■ What you should do
Beginning with the line containing "Un vecino de" and going on through the line containing "[금요저널] 시흥시지속가능발전협의회는 2025년", the lines below are to be returned exactly, pictures excluded and nothing added.

Data items:
<<<<
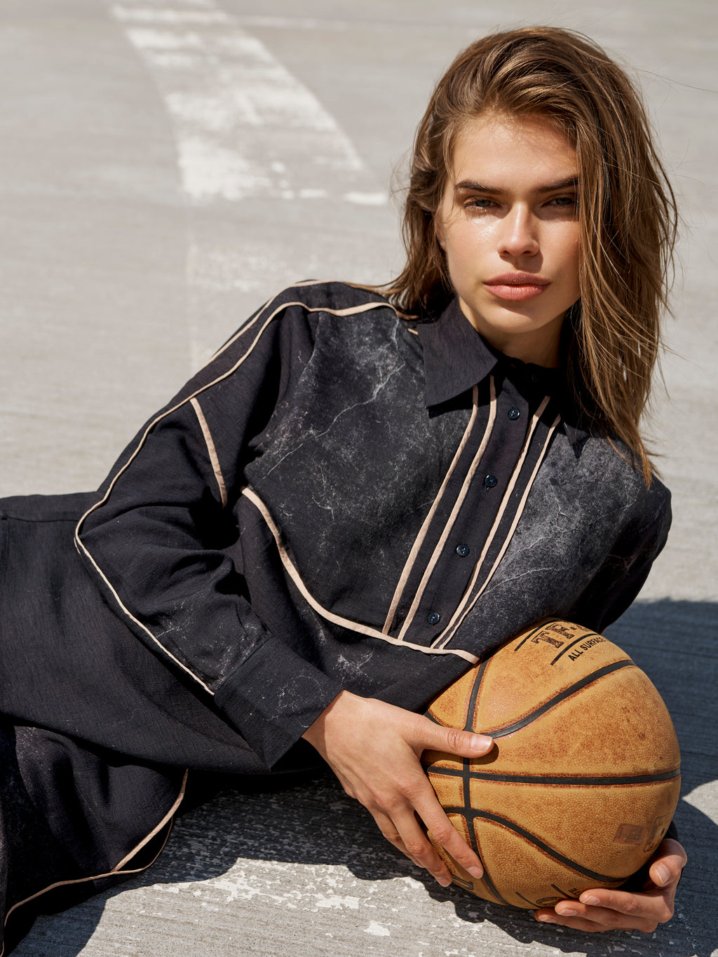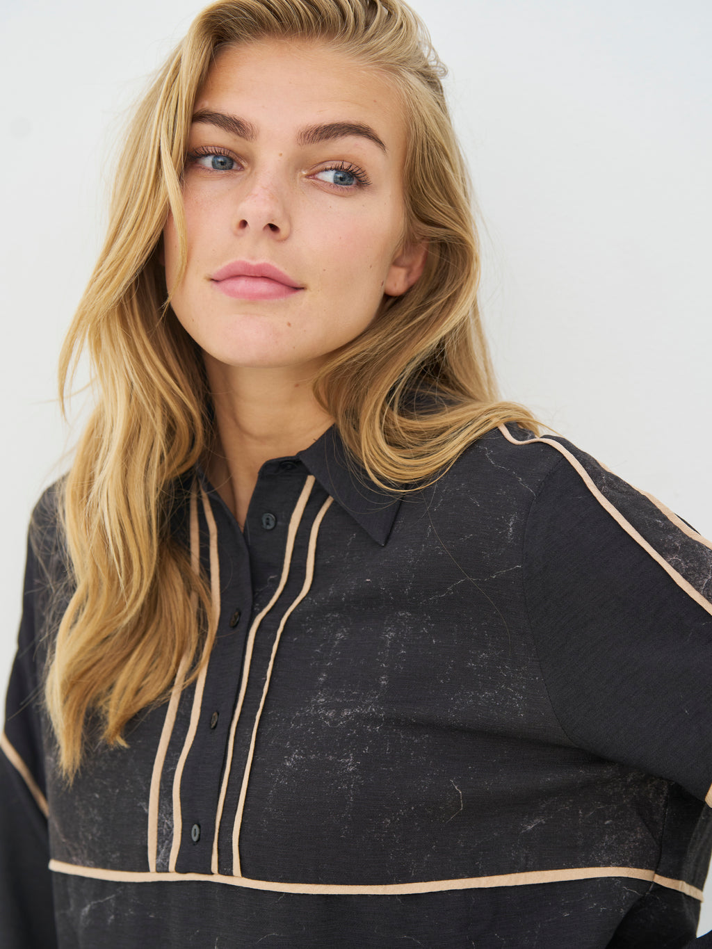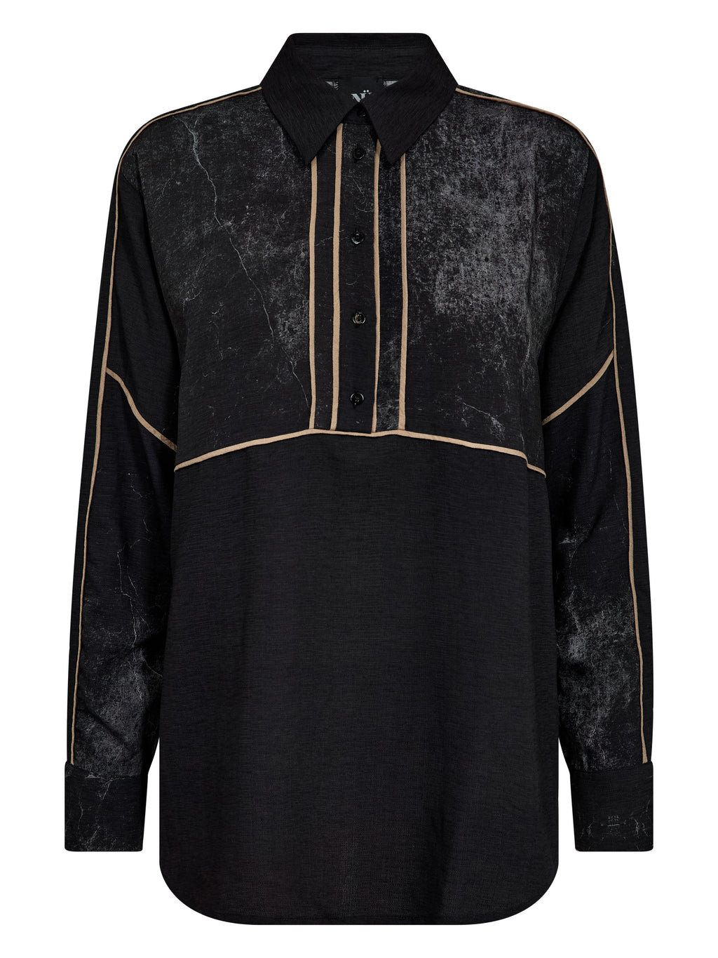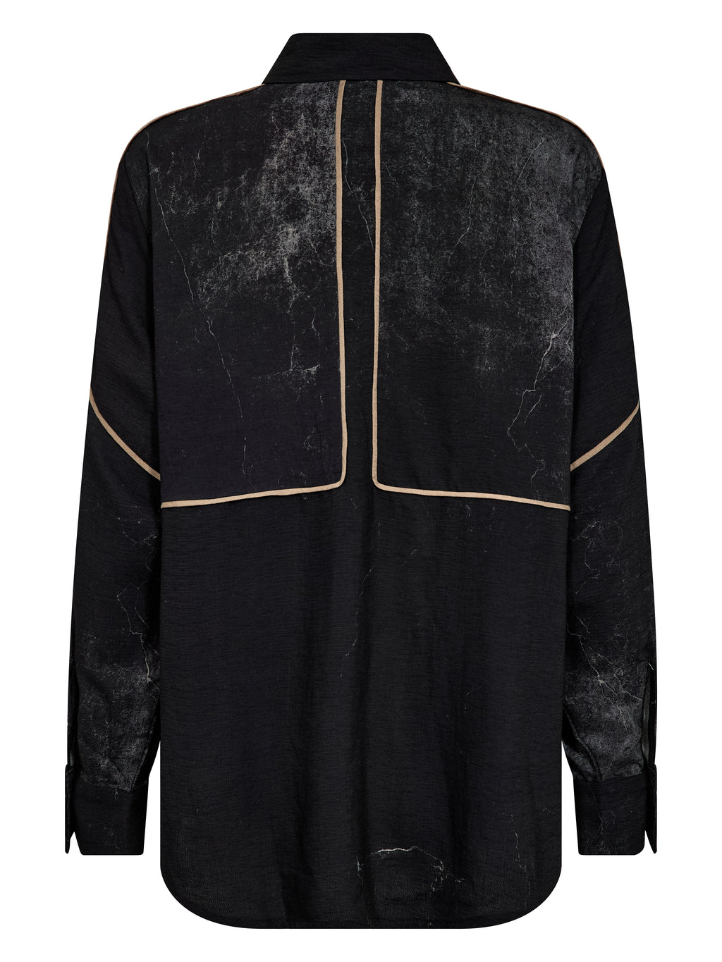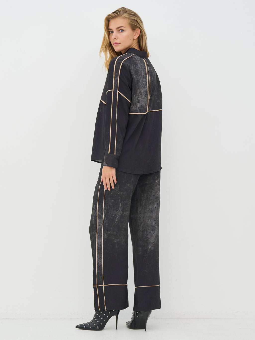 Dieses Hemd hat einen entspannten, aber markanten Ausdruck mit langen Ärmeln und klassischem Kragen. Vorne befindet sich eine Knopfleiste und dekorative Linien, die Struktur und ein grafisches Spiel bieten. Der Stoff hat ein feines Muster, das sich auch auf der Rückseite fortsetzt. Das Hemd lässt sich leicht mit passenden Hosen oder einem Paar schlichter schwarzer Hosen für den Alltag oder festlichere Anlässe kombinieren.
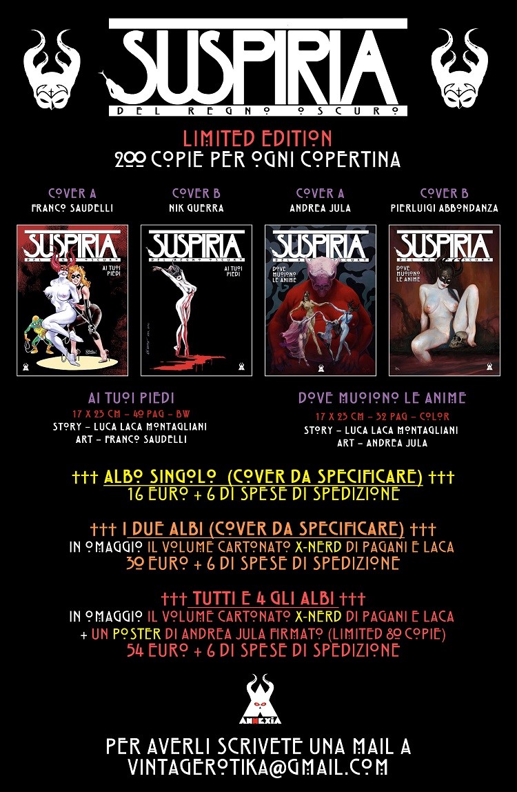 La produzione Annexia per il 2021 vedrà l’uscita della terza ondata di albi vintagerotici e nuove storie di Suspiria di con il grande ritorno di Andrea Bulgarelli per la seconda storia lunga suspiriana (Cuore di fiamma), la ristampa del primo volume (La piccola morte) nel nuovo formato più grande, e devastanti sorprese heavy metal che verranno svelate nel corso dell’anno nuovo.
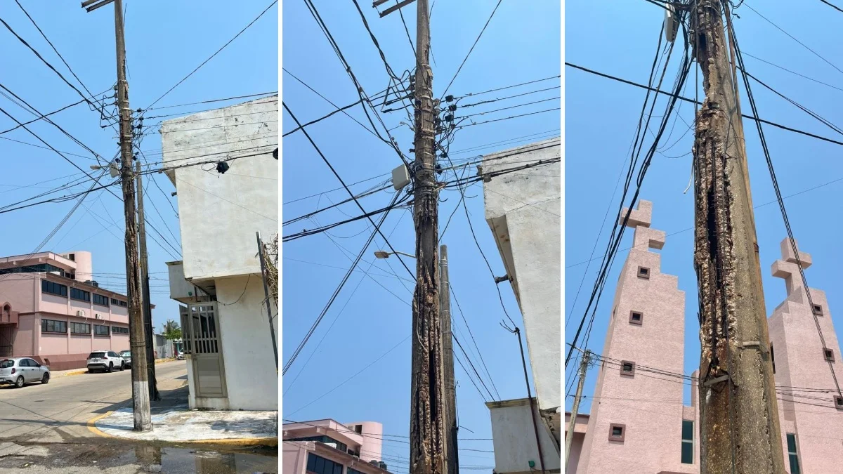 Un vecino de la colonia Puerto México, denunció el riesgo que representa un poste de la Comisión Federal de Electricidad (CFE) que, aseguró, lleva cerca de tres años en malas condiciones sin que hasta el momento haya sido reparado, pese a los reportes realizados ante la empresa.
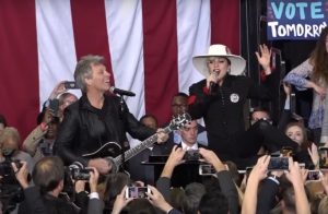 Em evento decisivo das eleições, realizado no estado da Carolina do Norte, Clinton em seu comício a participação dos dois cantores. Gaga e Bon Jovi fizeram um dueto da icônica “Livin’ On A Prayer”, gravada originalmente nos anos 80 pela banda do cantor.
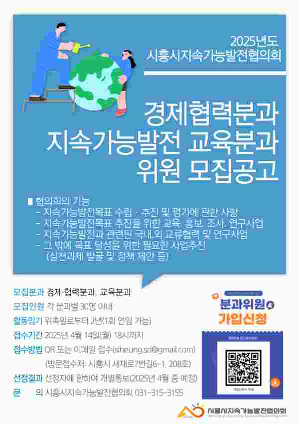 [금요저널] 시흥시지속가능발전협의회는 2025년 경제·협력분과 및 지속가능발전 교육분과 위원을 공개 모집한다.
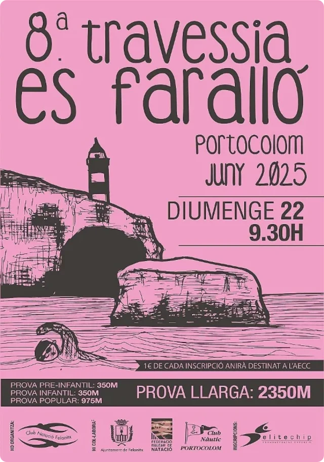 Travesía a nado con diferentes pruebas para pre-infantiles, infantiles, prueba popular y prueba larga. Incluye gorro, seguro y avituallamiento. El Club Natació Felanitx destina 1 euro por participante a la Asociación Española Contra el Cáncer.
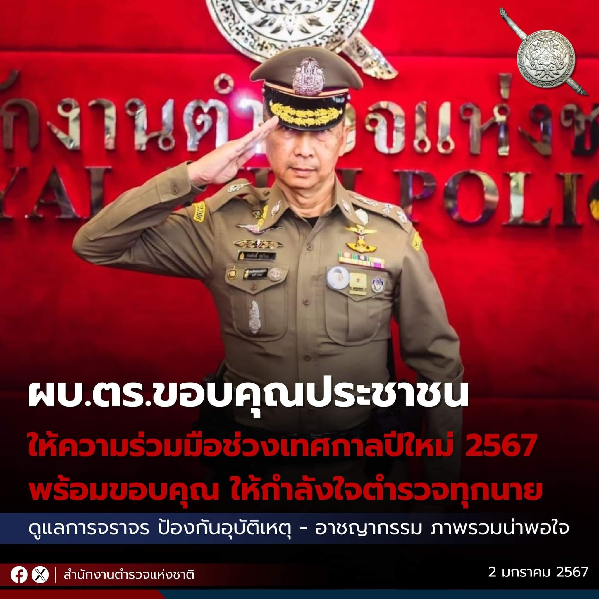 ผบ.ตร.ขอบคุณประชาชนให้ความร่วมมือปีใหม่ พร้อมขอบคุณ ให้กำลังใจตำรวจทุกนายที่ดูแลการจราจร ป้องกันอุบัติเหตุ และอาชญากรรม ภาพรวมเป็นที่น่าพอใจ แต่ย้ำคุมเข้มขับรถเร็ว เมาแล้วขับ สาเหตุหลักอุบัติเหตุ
>>>>
■ Task result
 Un vecino de la colonia Puerto México, denunció el riesgo que representa un poste de la Comisión Federal de Electricidad (CFE) que, aseguró, lleva cerca de tres años en malas condiciones sin que hasta el momento haya sido reparado, pese a los reportes realizados ante la empresa.
 Em evento decisivo das eleições, realizado no estado da Carolina do Norte, Clinton em seu comício a participação dos dois cantores. Gaga e Bon Jovi fizeram um dueto da icônica “Livin’ On A Prayer”, gravada originalmente nos anos 80 pela banda do cantor.
 [금요저널] 시흥시지속가능발전협의회는 2025년 경제·협력분과 및 지속가능발전 교육분과 위원을 공개 모집한다.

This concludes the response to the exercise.